The steps of the data analysis process consist of five phase, those are ask, prepare, process, analyze, share and act. I will follow this guideline in my data analysis.
I am a junior data analyst working in the marketing analyst team at Cyclistic, a bike-share company in Chicago. The director of marketing believes the company’s future success depends on maximizing the number of annual memberships. Therefore, I will attempt to find insights that will help my team design a new marketing strategy to convert casual riders into annual members.
In 2016, Cyclistic launched a successful bike-share oering. Since then, the program has grown to a fleet of 5,824 bicycles that are geotracked and locked into a network of 692 stations across Chicago. The bikes can be unlocked from one station and returned to any other station in the system anytime.

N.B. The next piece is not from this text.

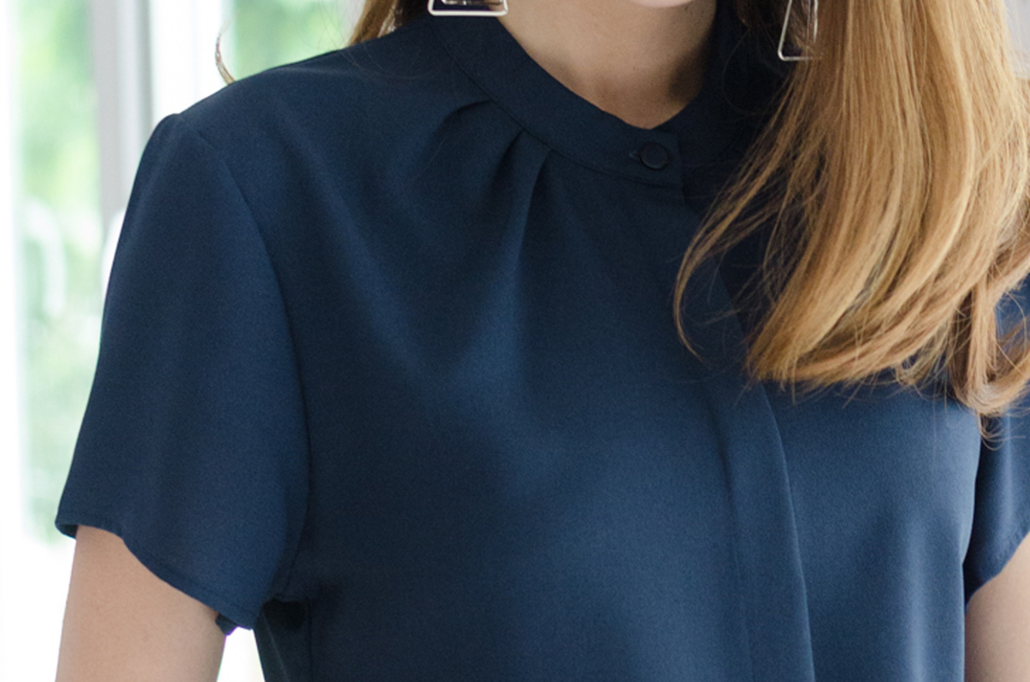 เสื้อเชิ้ตคอจีน ผ่ากระดุมซ่อนด้านหน้า จับจีบช่วงคอด้านหน้า แขนสั้น ทรงสวยเรียบง่าย เน้นคัตติ้งสวยๆ กับผ้าดีๆ สีกรมท่าขับผิวเลย ผ้าใหม่รุ่นนี้เนื้อนิ่มลื่นกว่าเดิม ผิวผ้าเรียบเนียนเนื้อแอบเด้งนิดๆ ไม่โปร่งแสงมากด้วยค่ะ
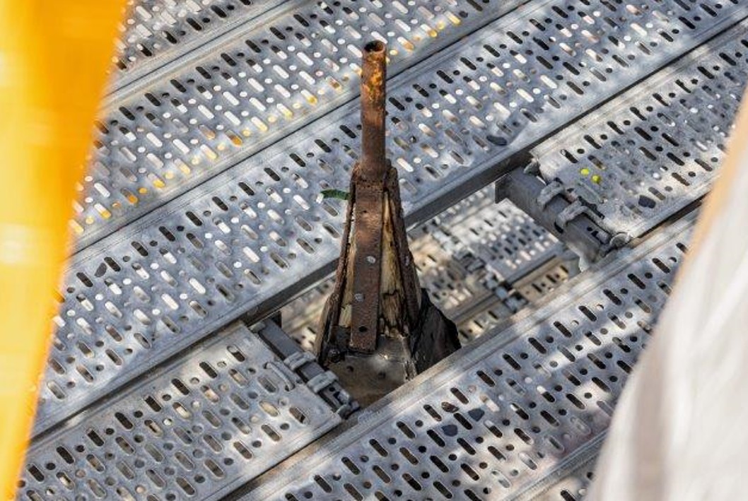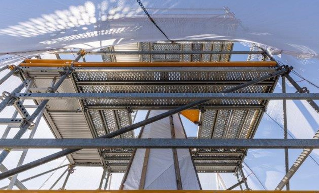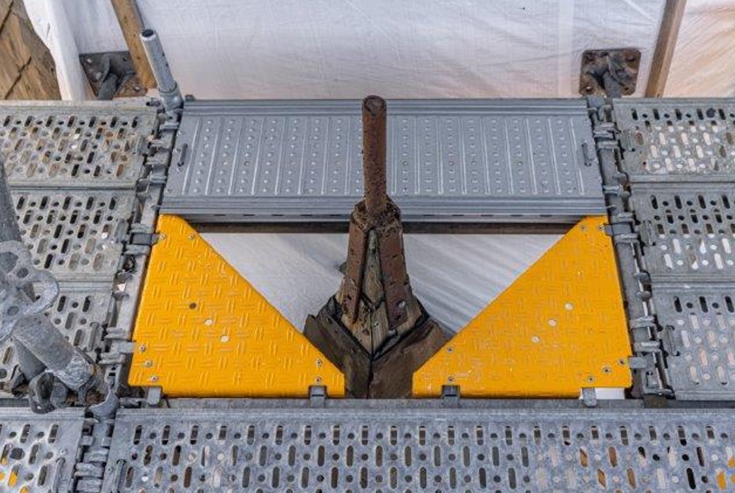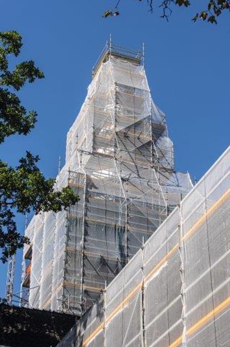 In Verbindung mit Eckblechen konnte somit auch weitestgehend auf Überwurfbohlen verzichtet werden, zugunsten von ebenen Belagflächen ohne gefährliche Stolperfallen. Ein weiterer Vorteil des metrischen Gerüstrasters: Die stufenweise Verschlankung bis zur Kirchturmspitze ließ sich ohne zusätzliche Gitterträger ausführen.

Until now, Cyclistic’s marketing strategy relied on building general awareness and appealing to broad consumer segments. One approach that helped make these things possible was the flexibility of its pricing plans: single-ride passes, full-day passes, and annual memberships. Customers who purchase single-ride or full-day passes are referred to as casual riders. Customers who purchase annual memberships are Cyclistic members.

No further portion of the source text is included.